詳しくはAWS IoT Greengrassの公式サイトをご覧ください。
準備
AWSアカウントの作成
AWSのアカウントを所持していない場合は作成します。
https://aws.amazon.com/jp/
制限付きの無料利用枠もあります。
今回使用するAWS IoTの無料利用枠はここで確認できます。
WinSCPのインストール
PCからデバイスにファイルを転送するために、PCにWinSCPをインストールします。
インストール方法や使い方については公式サイトをご覧ください。
https://winscp.net/eng/index.php
Python3.8のインストール
この設定はe-RT3を使用している場合のみ必要です。
Note
e-RT3の場合、一般ユーザーでsudoコマンドを実行するにはsudoers設定が必要です。
GreengrassのLambdaで使用するPython3.8をインストールします。
sudo apt update
sudo apt install python3.8
インストールの成功を確認します。
username@ubuntu:~$ python3.8 --version
Python 3.8.0
Java8のインストール
Greengrassのストリームマネージャーで使用するJava8をインストールします。
sudo apt update
sudo apt install openjdk-8-jdk
インストールしたJavaにリンクを張ります。
sudo ln /etc/alternatives/java /usr/bin/java8
インストールの成功を確認します。
username@ubuntu:~$ java8 -version
openjdk version "1.8.0_275"
OpenJDK Runtime Environment (build 1.8.0_275-8u275-b01-0ubuntu1~18.04-b01)
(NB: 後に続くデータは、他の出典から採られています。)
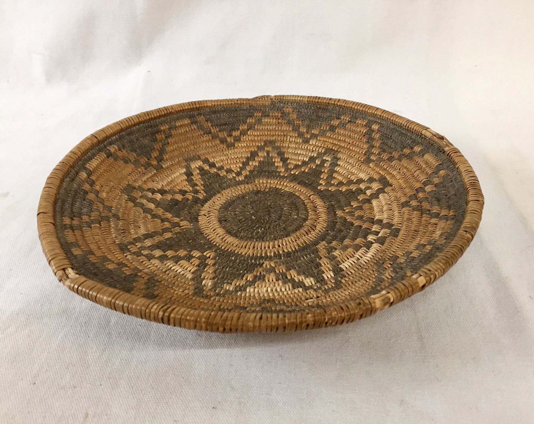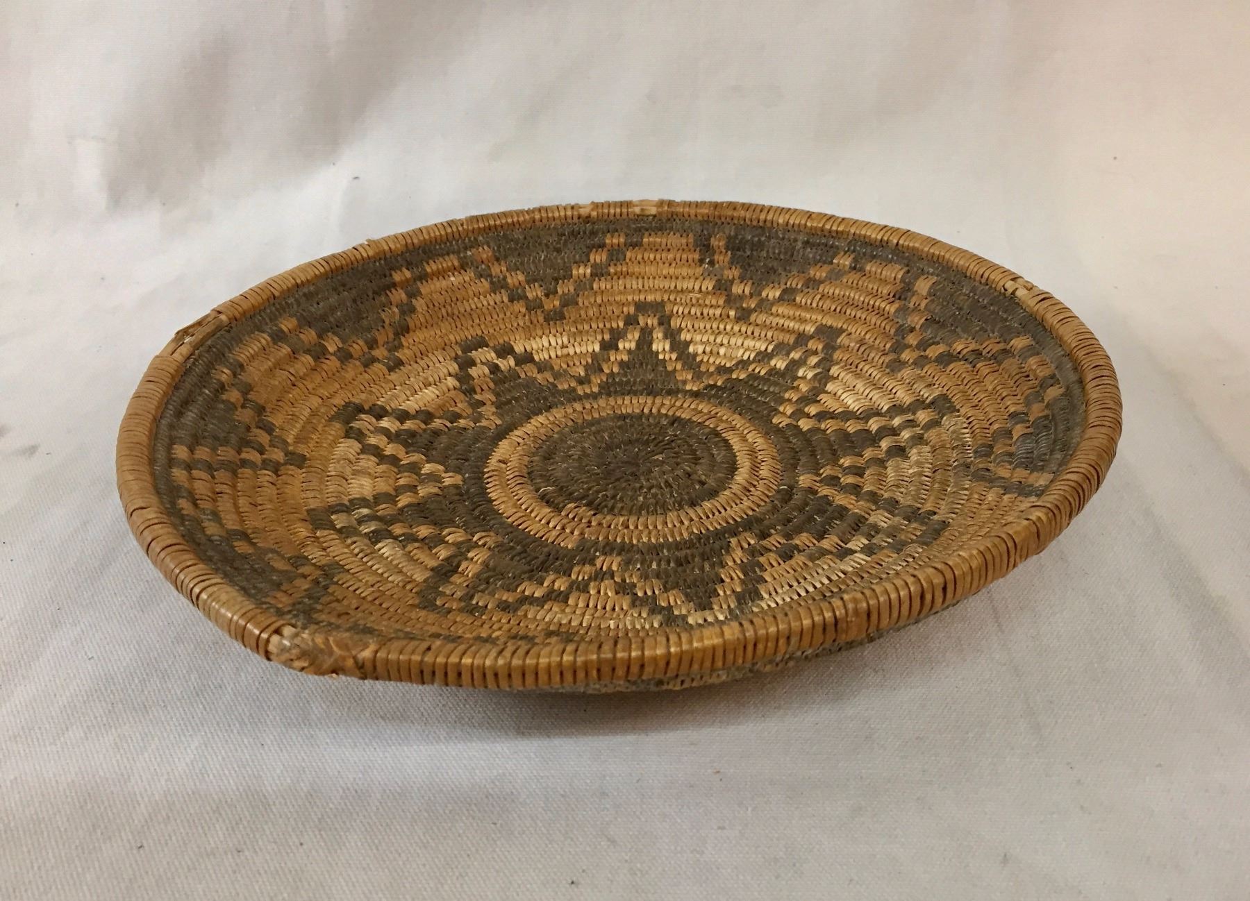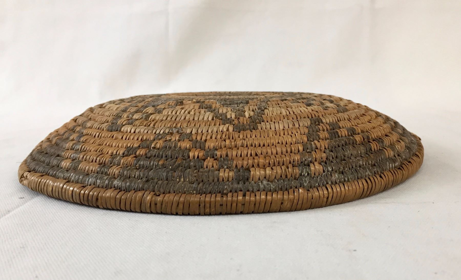 Description: An antique Havasupai basket with a star inside of a star pattern. Maker: Unknown Havasupai Artist. Approx. Age: Circa early 1900s. Size: 10”w x 1-3/4” tall. Condition: Pretty good for its age, normal wear, some stitch loss and a dark patina expected. Please look closely at the pictures - they are an important part of our description. Shipping: There will be a $5 handling / packaging fee for shipping this lot. The actual cost of postage will be added on top of that.

OpenJDK Client VM (build 25.275-b01, mixed mode)
cgroupの有効化
この設定はRaspberry Piを使用している場合のみ必要です。
コンテナでLambdaを実行するためにcgroupを有効にします。
/boot/firmware/cmdline.txt
を開きます。
sudo vi /boot/firmware/cmdline.txt
__既存の行の末尾に__以下の値を追加します。
cgroup_enable=memory cgroup_memory=1
デバイスを再起動します。
sudo reboot
Greengrass Groupの作成
AWSの公式ガイドの手順3に従って、AWSマネジメントコンソールでGreengrass Groupを作成します。
- グループに名前を付けて「次へ」をクリックします。今回は「eRT3Group」とします。
- Greengrass Coreの名前を指定します。デフォルトのまま「次へ」をクリックします。
- 確認画面が表示されます。確認して「グループとCoreの作成」をクリックします。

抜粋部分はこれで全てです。